Adoptees and their Sense of Self – “Where do I fit in?”

Adopted children and adults have as sense of vulnerability that many in the non-adopted world do not have.

This vulnerability comes from being removed from their biological family and then not being fully anchored in a family.

This type of vulnerability is different than the type that allows a person to be open and share their heart-space with another person.

The Adoptee’s feeling of vulnerability is like being a fawn that has strayed from it’s mother and has hungry wolves circling about.  The fawn can not see the mother and they don’t want to run from fear of immediate death. So, they remain frozen in place hoping their mother will come and rescue them. She never does and the wolves keep drooling….

fawn
“Where is my mother?”

 

This vulnerability in an adoptee’s life causes several different and complex issues.
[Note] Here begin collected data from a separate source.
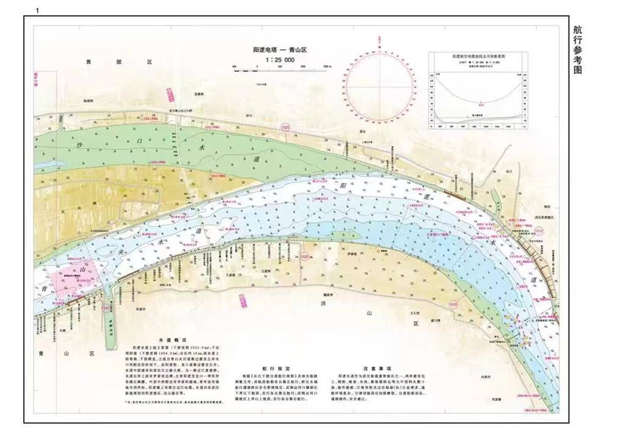 据介绍,本版航行图在编印过程中采取了多项创新技术:在地图样式上,陆域部分叠加遥感影像作背景,适当羽化,丰富图集的表现形式;在制图技术上,采用图库一体化制图技术,完全面向GIS和空间数据库,后续更新更便捷;在符号表达上,通过骨架线符号化各类地物,达到入库和出图的统一;在制图算法上,设计算法智能提取水深点,实现更高效的制图方式。值得一提的是,2023版航行参考图更新2015年以来的航路变化情况,以及新建、变化的桥梁、码头、整治建筑物等水工建筑物,全貌展示当前长江中游航道地理信息,进一步规范图上地物的色彩和符号,地图表达更清晰、更简单,同时新增了船舶报告线、停泊区等助航信息,为航运安全多增添一份保障。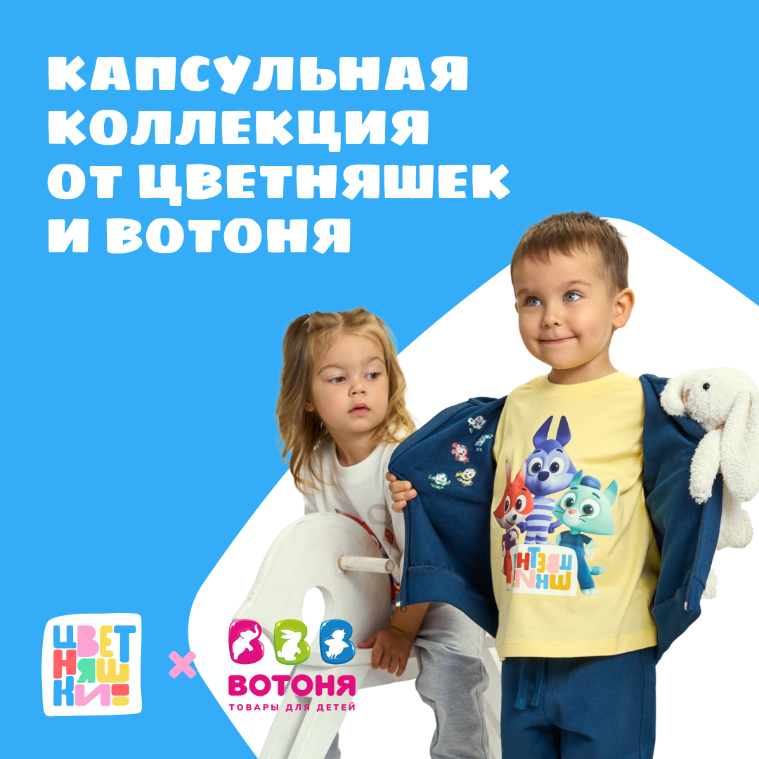 «ВОТОНЯ», известная своим широким ассортиментом качественных детских товаров станет эксклюзивным дистрибьютором коллекции. Palloncino обеспечит высокое качество и стильный дизайн одежды. Это партнерство значительно повысит узнаваемость мультсериала и позволит «Цветняшкам» стать еще ближе к семьям по всей стране.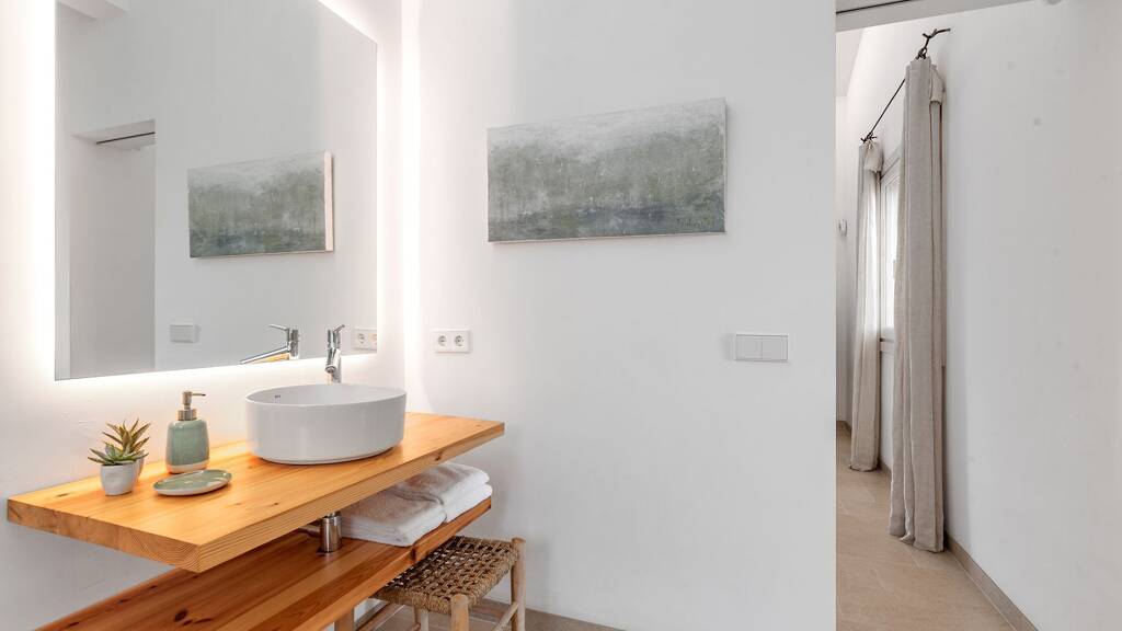 Im Inneren der Finca erwartet Sie eine helle und offene Atmosphäre. Die hochwertigen Möbel, die natürlichen Materialien und das viele Tageslicht schaffen ein echtes mediterranes Wohngefühl. Die offene Küche ist elegant und dezent gestaltet und fügt sich harmonisch in den Wohnbereich ein. Der klare Stil mit natürlichen Farben setzt sich in den beiden Bädern und den beiden Schlafzimmern fort, sodass überall die Nähe zum Meer spürbar ist. Das perfekte Winterdomizil auf Mallorca zum entspannen als auch arbeiten!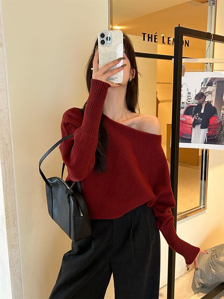 柔らかいピンクの不規則な長袖の斜めの肩のセーターの女性の秋冬の新型の修身の美しい露肩のchiのニットの上着

  1. Adopted children and adults sometimes have difficulty assimilating into friendships, classrooms, peer groups and relating to adults. This difficulty can be from poor boundaries due to presenting as a “needy” child.  A child who craves attention and will be the class clown or the class ’emo child’ in order to meet their need for attention. Remember, negative attention, is still attention. This need can come from not feeling like they fit in and they feel different than others.
  2. Adopted children and adults can have low self esteem. Low self esteem is a lack of confidence and negative feelings about oneself that stems from feelings of being unlovable, (“My own mother didn’t want me, no one can love me…”), feelings of being awkward (“I don’t look like anyone….I feel out of place,”) and feelings of not fitting in (“I don’t know who I am….or where I came from,”).  All of these feelings and insecurities can lead to the child, who later is an adult, to feel “less than,” and if they have anything to contribute in their lives.
  3. Adopted children and adults can carry around an extremely heavy back-pack of guilt! Guilt stems form not feeling “good enough” to be in their adopted family, or feeling so resentful about being in their adopted family that they feel guilty about their feelings.  (Sometimes, they have been told they should be “grateful that they were so lucky to be chosen to be part of their family,”) and if they DO NOT feel grateful or lucky or chosen, they may feel guilty for NOT feeling this way. It is confusing and complex and so unfair to the adoptee.
  4. Adopted children and adults struggle in relationship with themselves. Every person has a self-relationship. Sometimes, adoptees have a difficult time feeling like a person in their own skin. Not looking like others. Not relating to the family with whom the adoptee lives. Not knowing where you came from. Looking at every stranger on the street to see if they resemble you.  All these behaviors, and a myriad of others cause the adoptee to struggle with their relationship with themselves as a human being.Issues 1 – 4 cause a damaged sense of self that seems devastating to the adoptee.                                                                                                                                                                  What can be done to help the adoptee feel as though they can have a place in the world and be able to assimilate into their lives, find happiness and find themselves.

Here are some ideas:

  1. If the adoptee wants to search for their story, help them. Please do not say things such as “are you not happy with your (adopted) family?”
  2. If you are an adopting parent, tell them the truth or whatever you may know, about their family of origin. Do not keep secrets.  Secrets are so damaging.
  3. Validate their feelings. Do not say things such as, “you shouldn’t feel that way,” or “you are such a good person, you can get over this adopted thing,” or “but, you were a baby when you were adopted, you can’t possibly remember anything..”
  4. DO SAY, “I will drive you to an Adoptee Connect support group and wait outside for you when you are done.”  Or, “”I will read the Primal Wound so I can understand you better,” or “I will help you figure out your DNA family tree on Ancestry.com” or “I will sit with you and listen as long as you need me to,” or “I will never leave you” (THIS “not leaving” ONE IS HUGE).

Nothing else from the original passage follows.